PROBLEM TO WORK ON: Please keep the pictures out and write out exactly the lines from the first in the data below through the one containing "一人で燃料を注ぐときはコップ", both included.

Source records
──────────
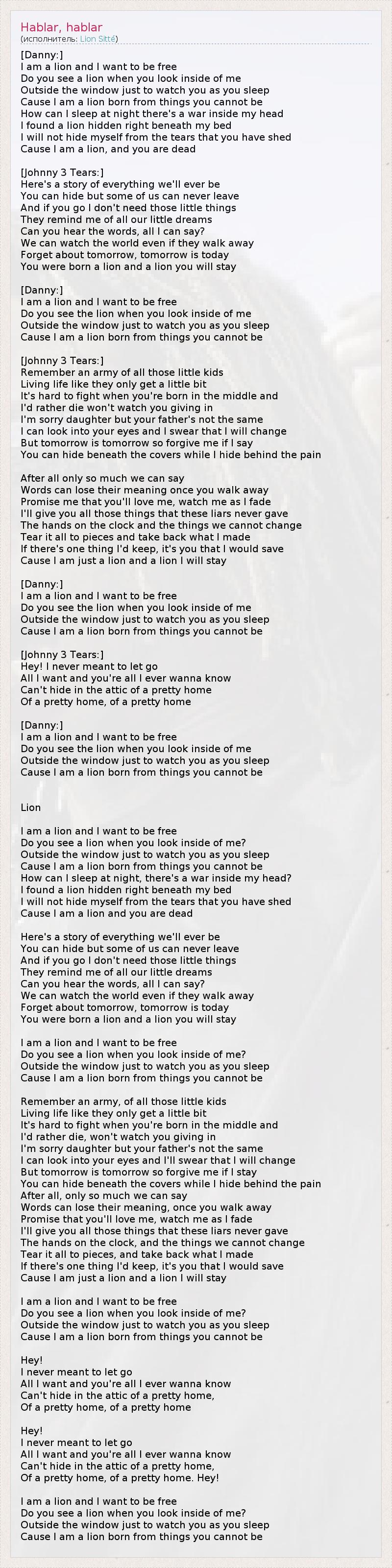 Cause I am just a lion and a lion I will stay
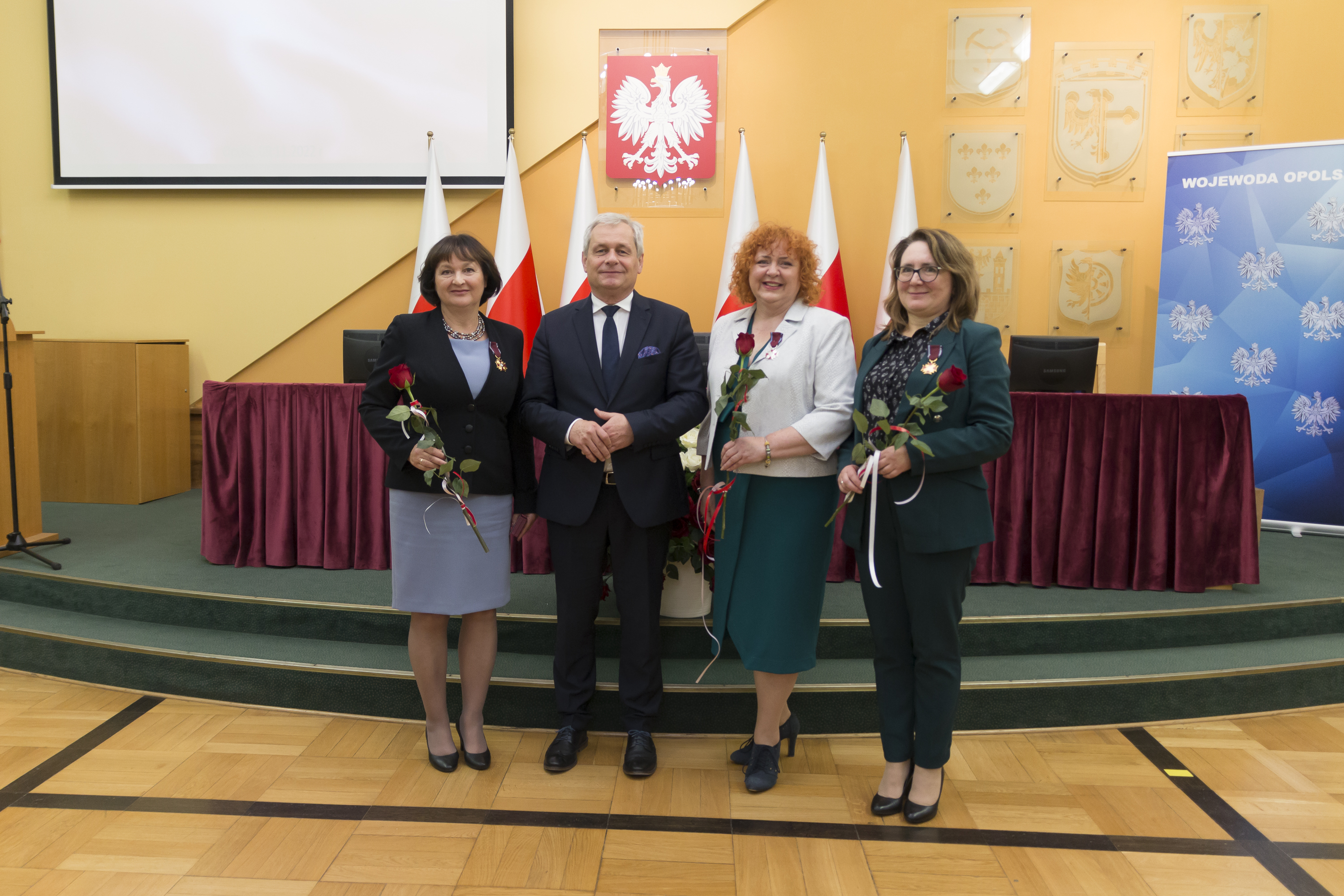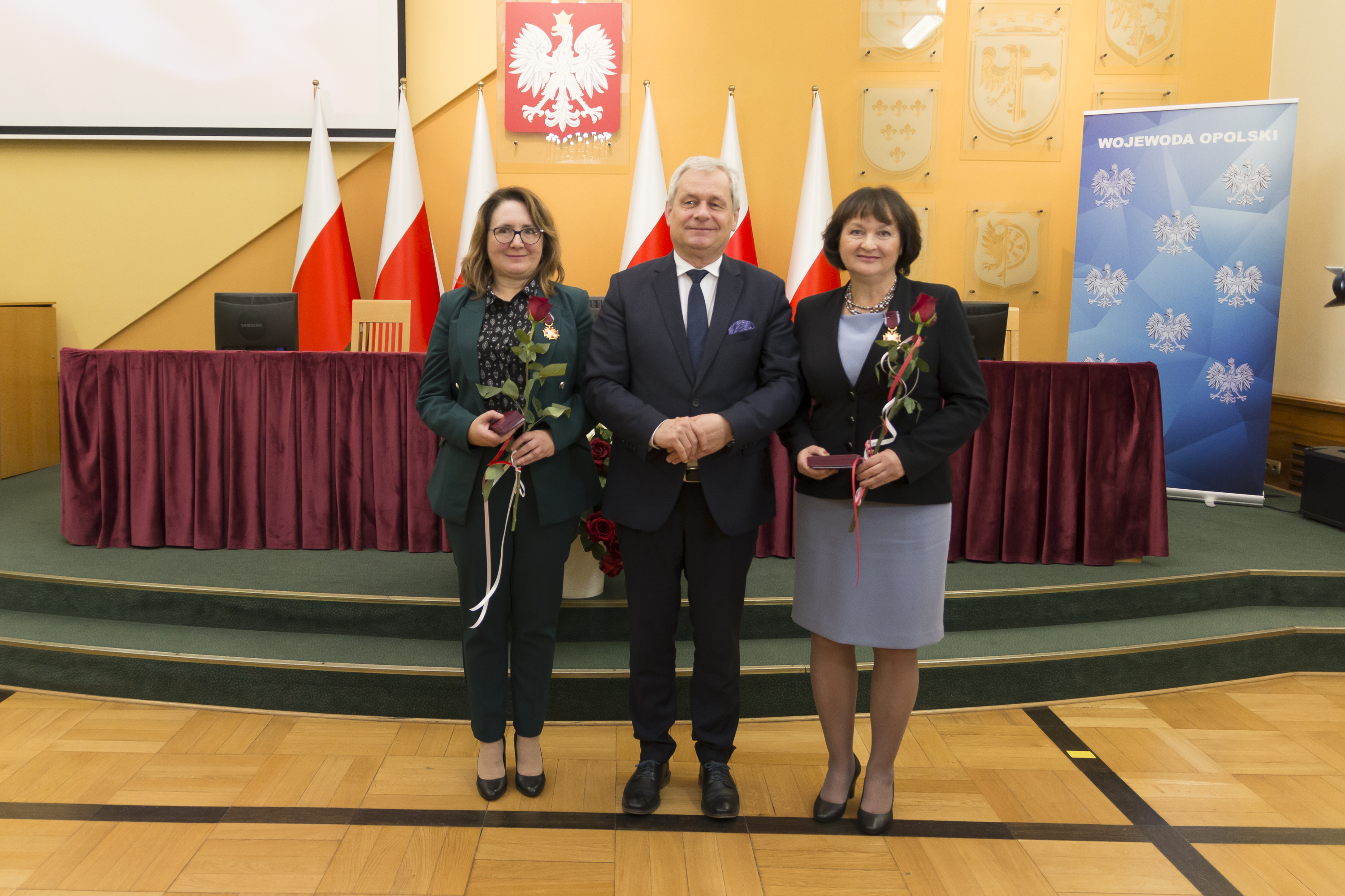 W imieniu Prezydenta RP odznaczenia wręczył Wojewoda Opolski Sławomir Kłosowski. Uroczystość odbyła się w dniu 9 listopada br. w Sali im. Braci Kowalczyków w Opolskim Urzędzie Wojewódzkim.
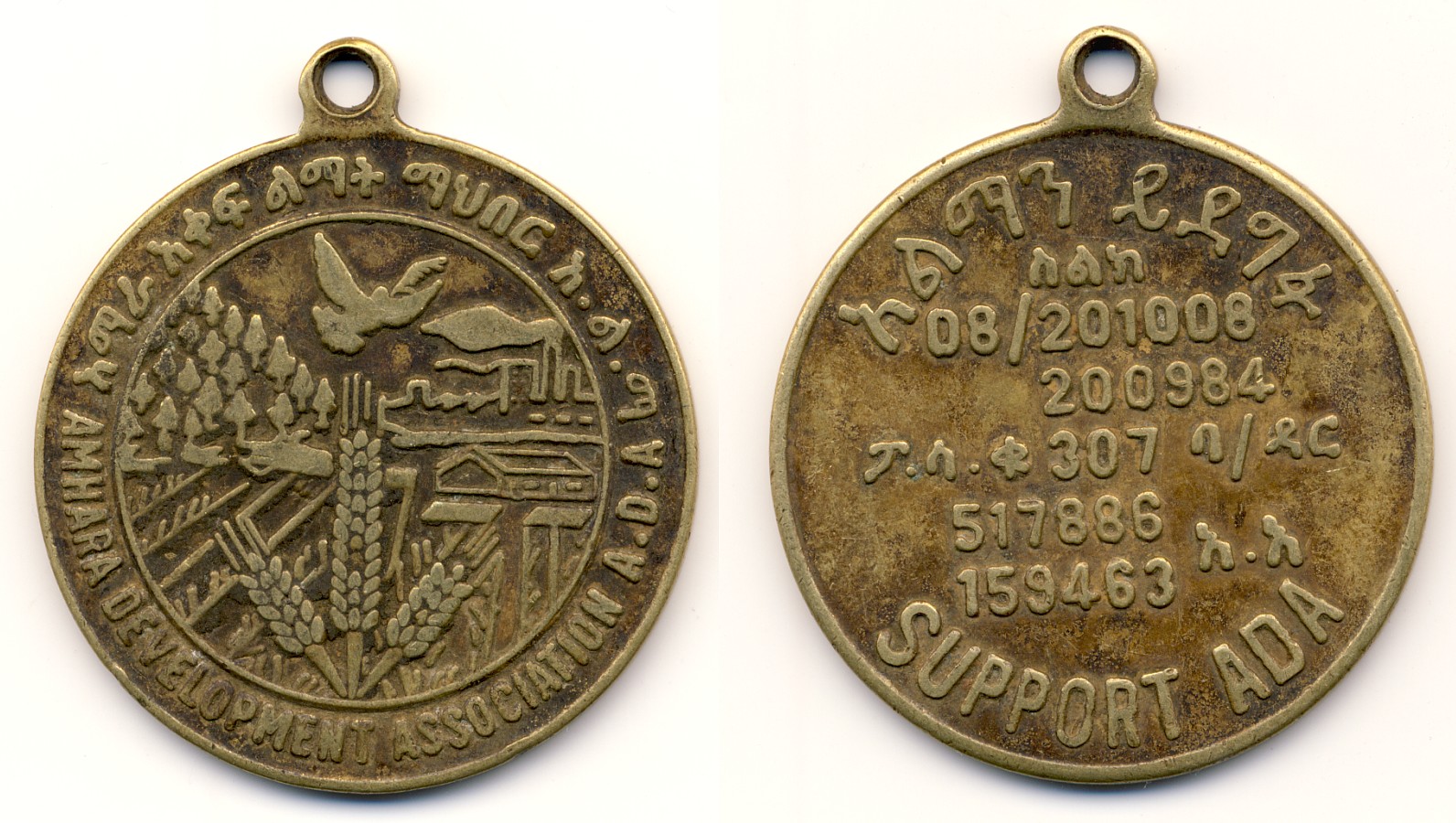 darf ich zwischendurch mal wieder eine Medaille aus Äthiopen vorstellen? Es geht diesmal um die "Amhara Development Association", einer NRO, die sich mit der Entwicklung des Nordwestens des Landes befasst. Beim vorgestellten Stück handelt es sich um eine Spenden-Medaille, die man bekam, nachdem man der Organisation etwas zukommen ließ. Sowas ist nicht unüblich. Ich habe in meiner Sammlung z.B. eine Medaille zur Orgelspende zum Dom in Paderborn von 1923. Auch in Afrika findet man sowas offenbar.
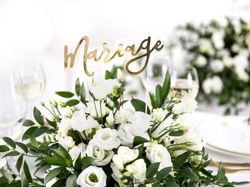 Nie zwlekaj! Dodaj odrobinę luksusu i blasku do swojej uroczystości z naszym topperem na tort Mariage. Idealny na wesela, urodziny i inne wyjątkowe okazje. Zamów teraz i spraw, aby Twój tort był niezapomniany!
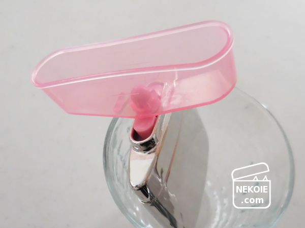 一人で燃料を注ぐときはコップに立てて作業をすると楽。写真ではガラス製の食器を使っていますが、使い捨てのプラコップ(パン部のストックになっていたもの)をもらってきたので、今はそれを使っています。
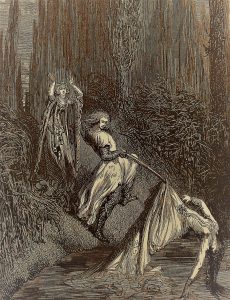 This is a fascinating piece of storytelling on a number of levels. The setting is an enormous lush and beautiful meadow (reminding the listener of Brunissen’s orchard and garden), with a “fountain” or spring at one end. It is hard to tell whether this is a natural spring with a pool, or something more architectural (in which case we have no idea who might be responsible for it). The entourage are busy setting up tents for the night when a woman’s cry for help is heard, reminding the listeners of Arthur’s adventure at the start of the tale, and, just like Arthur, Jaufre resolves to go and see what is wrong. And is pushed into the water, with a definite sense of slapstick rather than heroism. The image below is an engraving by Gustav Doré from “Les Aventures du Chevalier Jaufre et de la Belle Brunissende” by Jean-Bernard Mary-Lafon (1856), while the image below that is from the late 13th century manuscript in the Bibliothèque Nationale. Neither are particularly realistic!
──────────
OUTPUT OF THE EXERCISE:
 Cause I am just a lion and a lion I will stay
 W imieniu Prezydenta RP odznaczenia wręczył Wojewoda Opolski Sławomir Kłosowski. Uroczystość odbyła się w dniu 9 listopada br. w Sali im. Braci Kowalczyków w Opolskim Urzędzie Wojewódzkim.
 darf ich zwischendurch mal wieder eine Medaille aus Äthiopen vorstellen? Es geht diesmal um die "Amhara Development Association", einer NRO, die sich mit der Entwicklung des Nordwestens des Landes befasst. Beim vorgestellten Stück handelt es sich um eine Spenden-Medaille, die man bekam, nachdem man der Organisation etwas zukommen ließ. Sowas ist nicht unüblich. Ich habe in meiner Sammlung z.B. eine Medaille zur Orgelspende zum Dom in Paderborn von 1923. Auch in Afrika findet man sowas offenbar.
 Nie zwlekaj! Dodaj odrobinę luksusu i blasku do swojej uroczystości z naszym topperem na tort Mariage. Idealny na wesela, urodziny i inne wyjątkowe okazje. Zamów teraz i spraw, aby Twój tort był niezapomniany!
 一人で燃料を注ぐときはコップに立てて作業をすると楽。写真ではガラス製の食器を使っていますが、使い捨てのプラコップ(パン部のストックになっていたもの)をもらってきたので、今はそれを使っています。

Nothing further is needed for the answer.